Questo l’incipit di A un metro da te e il concetto attorno al quale ruota l’intero film, che racconta la storia d’amore tra due adolescenti affetti da fibrosi cistica, interpretati da Haley Lu Richardson e Cole Sprouse e diretti da Justin Baldoni.
Protagonisti Stella e WiIl, conosciutisi nell’ospedale nel quale sono in cura, dove hanno scoperto i vari modi attraverso cui la terapia e la vita possono essere affrontate.

Ed è così che un’ottimista cronica e un inavvicinabile cinico interagiscono a distanza di sicurezza, “Five Feet Apart“, a un metro l’uno dall’altro, per non aggravare ulteriormente le loro già precarie condizioni di salute.
Consapevoli della lunghezza della propria vita e delle complicazioni che il loro status comporta, i due non riescono a resistere al sentimento trascendentale che nutrono e portano avanti una relazione senza mai sfiorarsi.

Five Feet Apart – questo il titolo originale del film distribuito in italia da Notorious Pictures – prova a sensibilizzare il pubblico sulla fibrosi cistica raccontando una storia d’amore alla Romeo e Giulietta e, almeno in parte, ci riesce.

La malattia genetica, infatti, non fa da semplice cornice, ma viene presentata e documentata lungo tutto il lungometraggio scandendo il ritmo di un genere dove, tuttavia, i cliché non mancano.
Destinato a un’audience prevalentemente teen, anche lo spettatore fuori target si ritroverà piacevolmente sorpreso dalla prima parte del film, che riesce efficacemente ad amalgamare gli ingredienti principali, facendo empatizzare presto con i personaggi e la loro complessa malattia.

Grande merito di ciò va dato a Haley Lu Richardson, capace di tutte le sfaccettature che un personaggio affetto da fibrosi cistica potesse offrire in due ore di film. La giovane e promettente attrice riesce a districarsi egregiamente tra i cliché young adult, soprattutto dal momento dell’arrivo di Will, il cinico ragazzo interpretato da Cole Sprouse. La star di Riverdale è stata sì capace di riscattare un personaggio stereotipato, ma non ci ha lasciato qualcosa di nuovo rispetto alle interpretazioni precedenti. La chimica tra i due, invece, è indiscutibile e convincente.

Tra i punti deboli, ma obbligati dalla trama, l’ambientazione unidimensionale dell’ospedale, che solo nella seconda parte del film si sposterà, forzatamente, verso l’esterno.
A dare dinamismo alle ambientazioni e ai dialoghi spesso prevedibili arrivano la regia di Justin Baldoni e le colonne sonore: il regista, alla sua prima esperienza dietro alla macchina da presa, fa il possibile per dare dinamismo a scene spesso senza sufficiente raggio di azione, mentre la musica si rivelerà la goccia capace di far traboccare il vaso della commozione dello spettatore, chiamato a resistere a montagne russe emozionali.

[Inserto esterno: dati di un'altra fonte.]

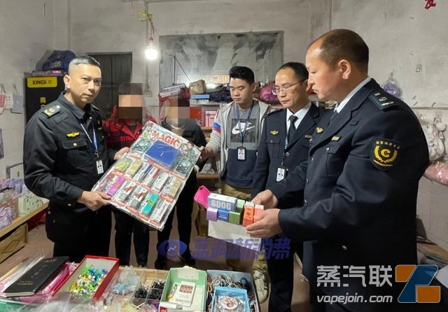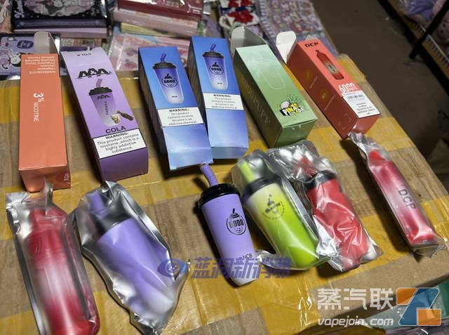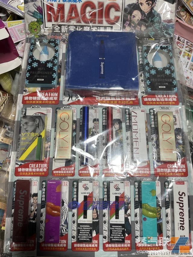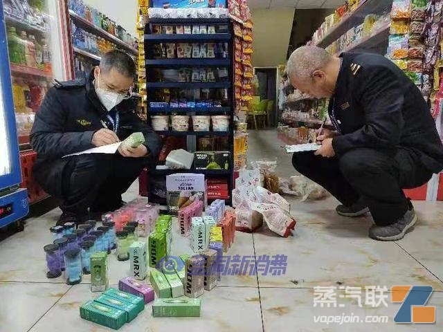 “当天,我局和县烟草局的8名执法人员分成两个小组,同时进入两家小卖部进行检查。”该负责人介绍,检查中,执法人员发现两家小卖部均办理了营业执照,但均未办理烟草专卖零售许可证。其中,一家小卖部收银台后的黑色塑料袋里发现7个“奶茶杯”调味电子烟,另一家小卖部货架下的纸盒内发现6个“奶茶杯”调味电子烟和1套内装15个一次性雾化轻感烟、一次性电子烟等涉烟物品的“全新雾化魔术道具”套装。“虽然这些产品套装外包装上都标注有‘请勿销售给未成年人’字样,但来店内消费的全都是小学生。”

A un metro da te riesce a colpire appieno il pubblico amante del genere, provando a convincere anche l’audience più matura, grazie a un cast valido e a una sensibilizzazione della malattia che non sfocia mai nella retorica.
Tuttavia, il realismo della prima parte del film si scontrerà presto con cliché prevedibili e pleonastici che invaderanno la sceneggiatura dell’ultima frazione: le ambientazioni e le scelte out of character attribuite ai protagonisti – come ad esempio Stella che, con un disturbo ossessivo-compulsivo, d’un tratto si dimentica delle sue manie dell’ordine e del rispetto ferreo per le regole – abbattono le fondamenta del film.

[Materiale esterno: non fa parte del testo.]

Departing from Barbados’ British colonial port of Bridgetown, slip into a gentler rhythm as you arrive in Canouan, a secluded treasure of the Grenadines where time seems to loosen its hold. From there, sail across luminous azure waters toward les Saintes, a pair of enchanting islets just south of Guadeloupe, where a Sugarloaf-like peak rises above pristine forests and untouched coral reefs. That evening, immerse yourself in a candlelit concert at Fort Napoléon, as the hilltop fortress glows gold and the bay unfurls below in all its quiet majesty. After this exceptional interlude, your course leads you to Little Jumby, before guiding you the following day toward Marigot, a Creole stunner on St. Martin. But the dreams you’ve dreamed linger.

Nonostante ciò, A un metro da te sarà in grado di conquistare il pubblico per cui è stato concepito, facendolo riflettere sia sulla malattia sia sull’importanza degli affetti; al contrario, le forzature di genere intaccheranno la fiducia dello spettatore demograficamente fuori target, ridimensionando il film a pellicola young adult romantica.